The CapacityString Class

Create a new class called CapacityString and add three properties to it: mCapacity as Integer, mLength as Integer, and mData as MemoryBlock. mData is the chunk of memory that we're going to be using to store the string, mCapacity will cache the size of the MemoryBlock (although it will always contain the value returned by mData.Size, the fewer function calls we make the faster the code will be), and because the string inside the MemoryBlock will almost never be the size of the MemoryBlock itself, we use mLength to store the size of the string.

Sub Constructor(capacity as Integer)
  mCapacity = Capacity
  mData = New MemoryBlock(mCapacity)
End Sub

Function Operator_Convert() As String
  return mData.StringValue(0, mLength)
End Function


The constructor initializes the mData MemoryBlock to have the capacity we want, and Operator_Convert is a handy method to return the string that is stored in the CapacityString.

The SetString method below sets the string in the CapacityString. The first thing that each of these methods below does is first check to see if the string will actually fit inside of the MemoryBlock. If it doesn't, it resizes (within the method, function calls would add overhead ;^) and then assigns the string.

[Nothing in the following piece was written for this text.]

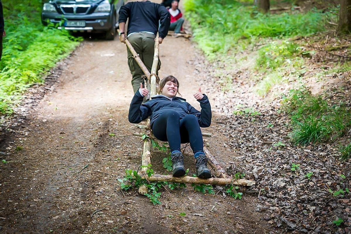 Gruppe arbeitet an einer selbstgebauten Trage im Waldweg zwischen Bäumen

Sub SetString(s as String)
  dim slen as Integer = LenB(s)
  
  if mCapacity < slen then
    mCapacity = slen
    mData.Size = mCapacity
  end if
  mData.StringValue(0, slen) = s
  mLength = slen
End Sub


Sub AppendString(s as String)
  dim slen as Integer = LenB(s)
  
  if mCapacity < mLength + slen then
    mCapacity = mLength + slen
    mData.Size = mCapacity
  end if
  mData.StringValue(mLength, slen) = s
  mLength = mLength + slen
End Sub


AppendString is similar to SetString but just adds the string onto the end. This is equivalent to "s = s + ...". The InsertString method below doesn't have a direct equivalent to REALbasic's String type because you have to use Mid or Left and Right with Strings to be able to insert text in the middle. So this not only speeds things up, but gives us extra functionality. That's nice. :^)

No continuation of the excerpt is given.